IISER MOHALI

Abstract: Most massive stars conclude their lives in a violent core-collapse supernova (SN). A rare subset—superluminous supernovae (SLSNe)—exceed the luminosities of canonical core-collapse events by factors of 10–100. Although substantial progress has been made over the past decade in characterizing their observational properties, the physical mechanisms powering SLSNe and the nature of their progenitors remain open questions. In this seminar, I will provide a detailed overview of recent developments, including powering mechanisms such as magnetar spin-down, circumstellar interaction, and hybrid scenarios—emphasizing how each seeks to reproduce their extreme luminosities and diverse light-curve morphologies. I will discuss spectroscopic diagnostics that probe the composition and ionization of ejecta, with particular attention to emerging helium signatures in events traditionally regarded as hydrogen- and helium-poor.
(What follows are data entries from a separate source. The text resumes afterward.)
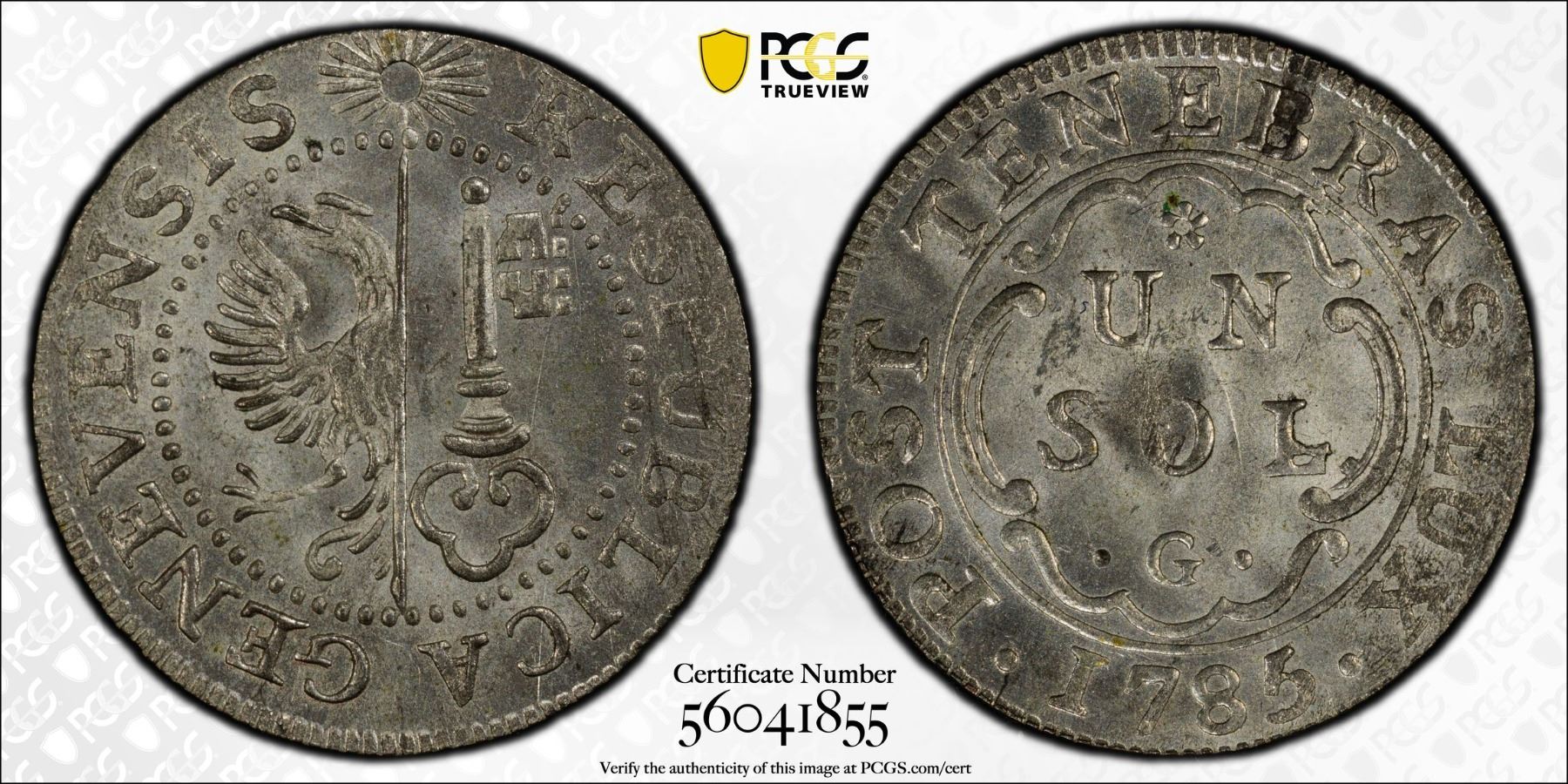 SWITZERLAND: GENEVA: Republic, BI sol, 1785-G, PCGS MS65
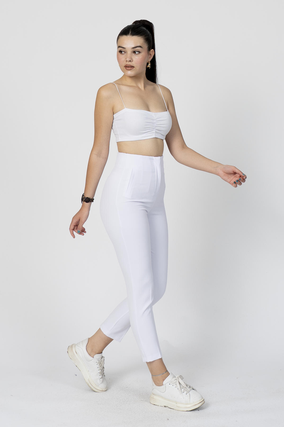 Önden pens detaylı, yüksek bel, kısa paça, süs cepli görünüm – az likralı dokuma kumaşıyla şıklık & konfor bir arada!
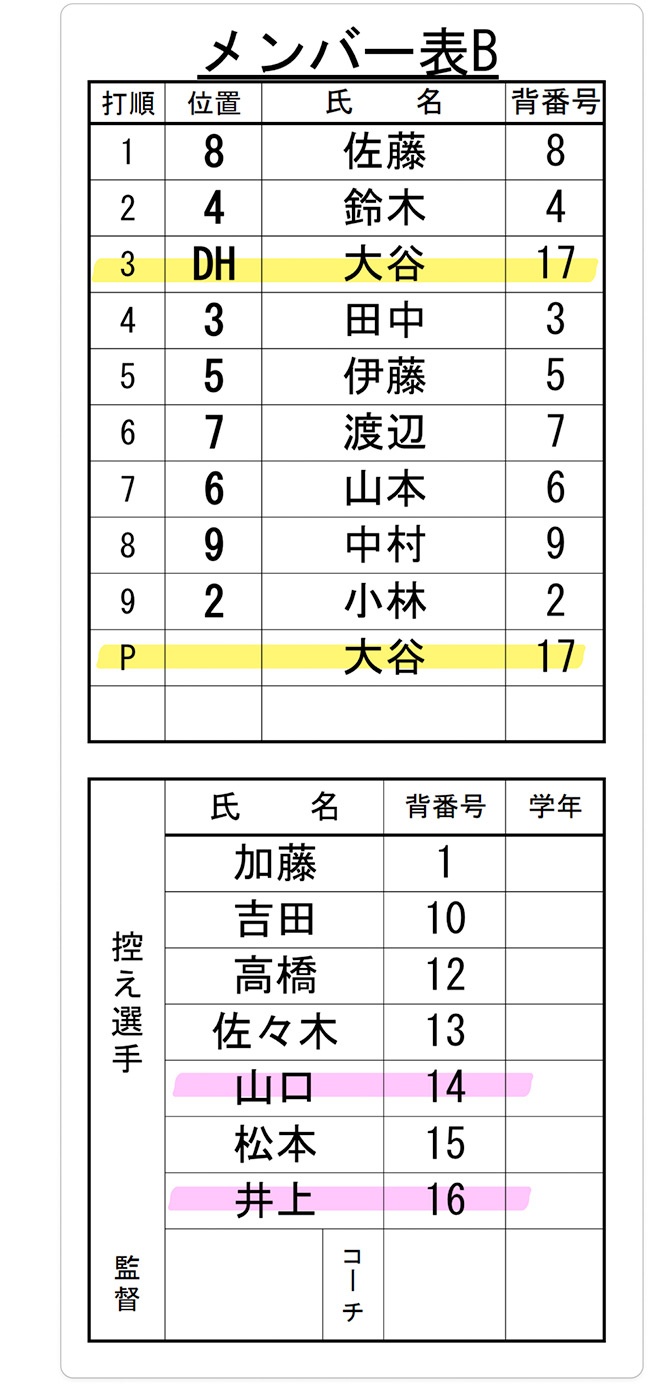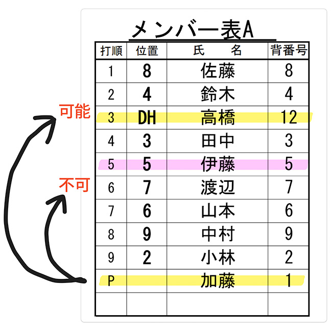 - 打順表に記載された指名打者の義務 【5.11(a)(2)】
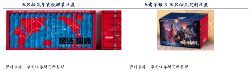經典案例:根據公司公告、公司官網、華安證券研究所等綜合資訊表明,年輕人更注重零食的趣味性,三只松鼠公司深耕娛樂化戰略,進一步拉近品牌和消費者的距離。在購買食玩的消費者中,90后以及95后消費者對食玩有更高的偏好度,食玩類型不斷豐富,進一步增添食玩趣味,異形零食、趣味包裝、新奇吃法以及趣味玩具等多種形式增添零食的樂趣,拉近了和消費者的距離。
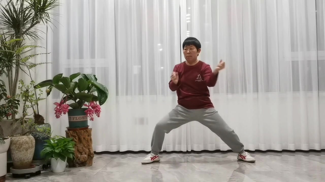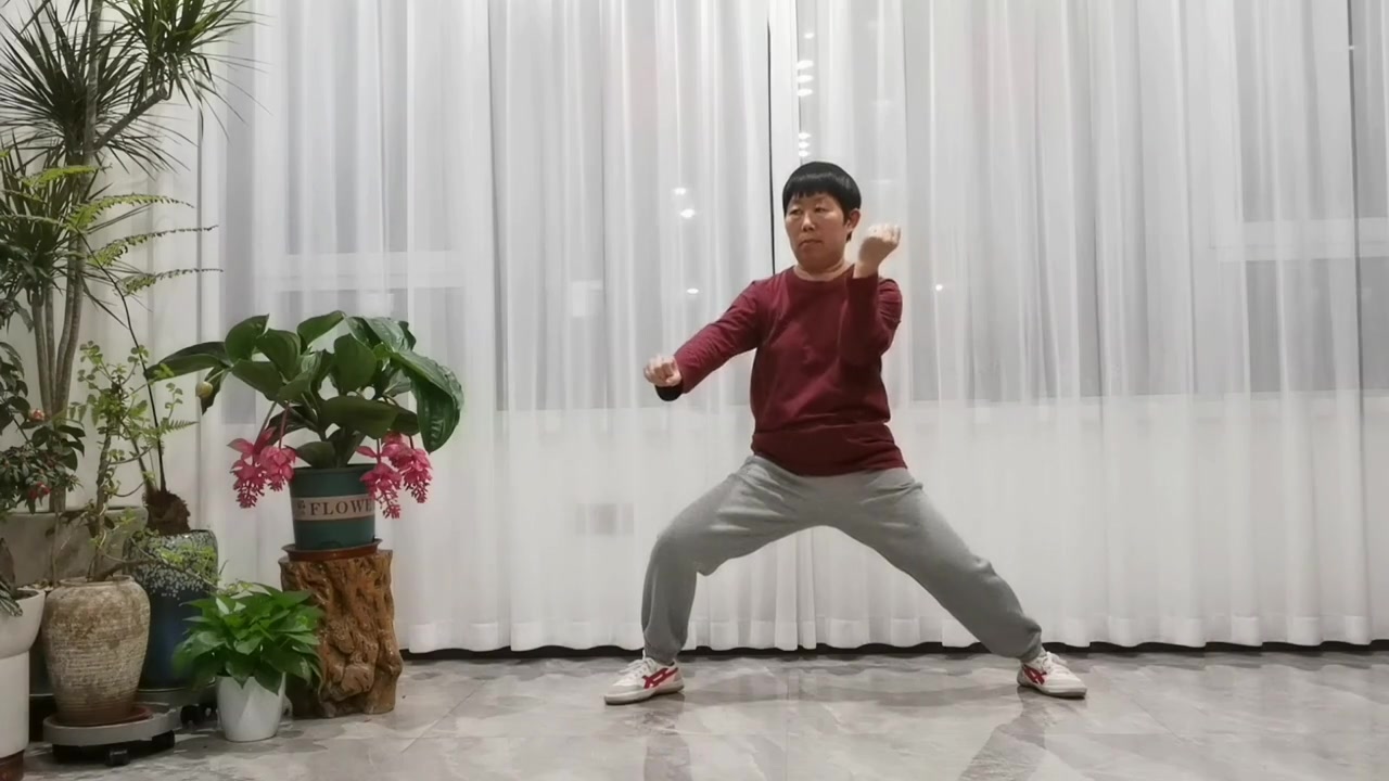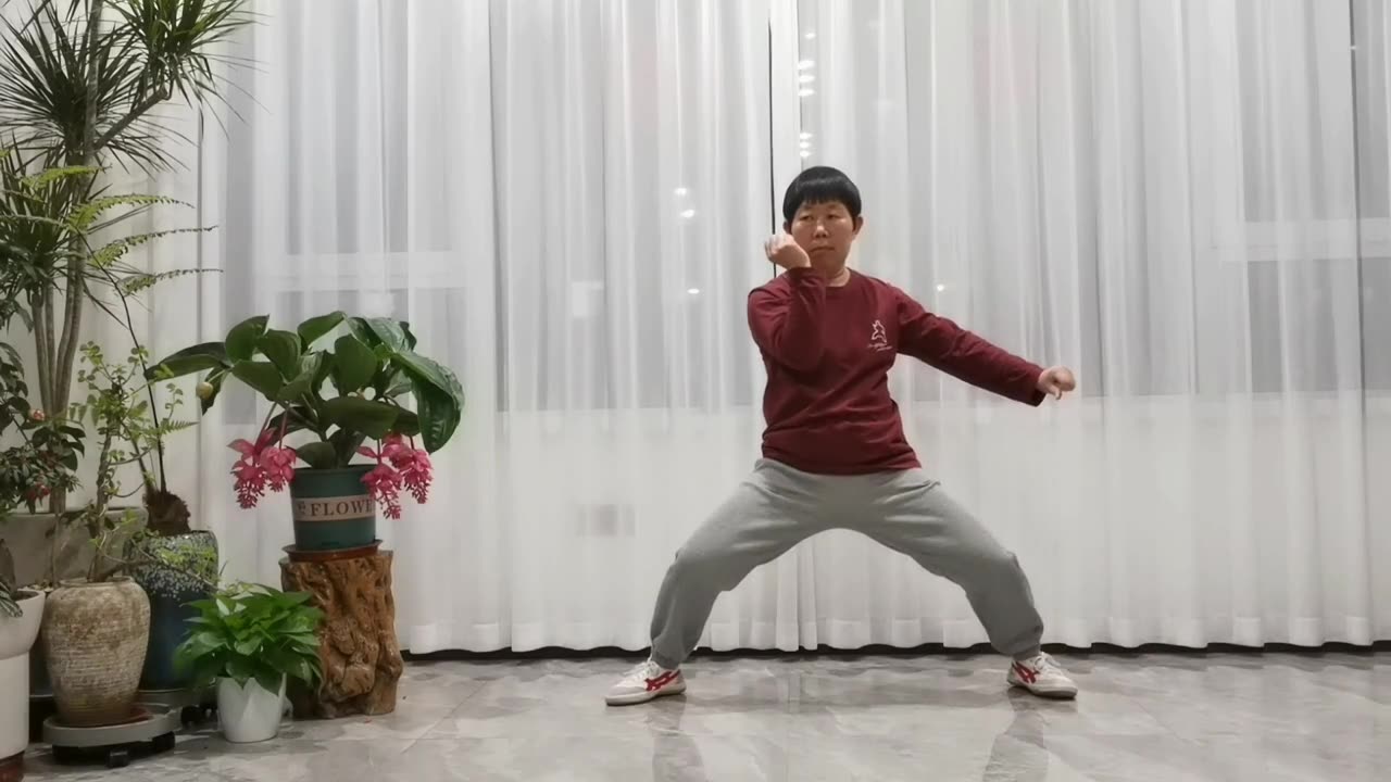 | 陈中华太极馆多伦多教练、青山教练何家伟评语: 动作步骤可以。中轴没有定住,做动作时,左右晃了一点。最后定式,右肘转过了,不在跟左脚的直线上。 | ||||||||||||||||||

I will also examine the increasing number of SLSNe exhibiting light-curve undulations (“bumps”) and explore their potential origins in progenitor mass-loss histories, structured circumstellar media, or engine-driven variability. Recent observations of SN 2024ahr, SN 2024rmj, and SN 2024afav provide new constraints on helium abundance, ejecta–CSM geometry, and the late-stage evolution of massive stars. Together, these developments refine our understanding of SLSN progenitors and motivate future progress enabled by upcoming wide-field surveys such as the Vera Rubin Observatory’s LSST.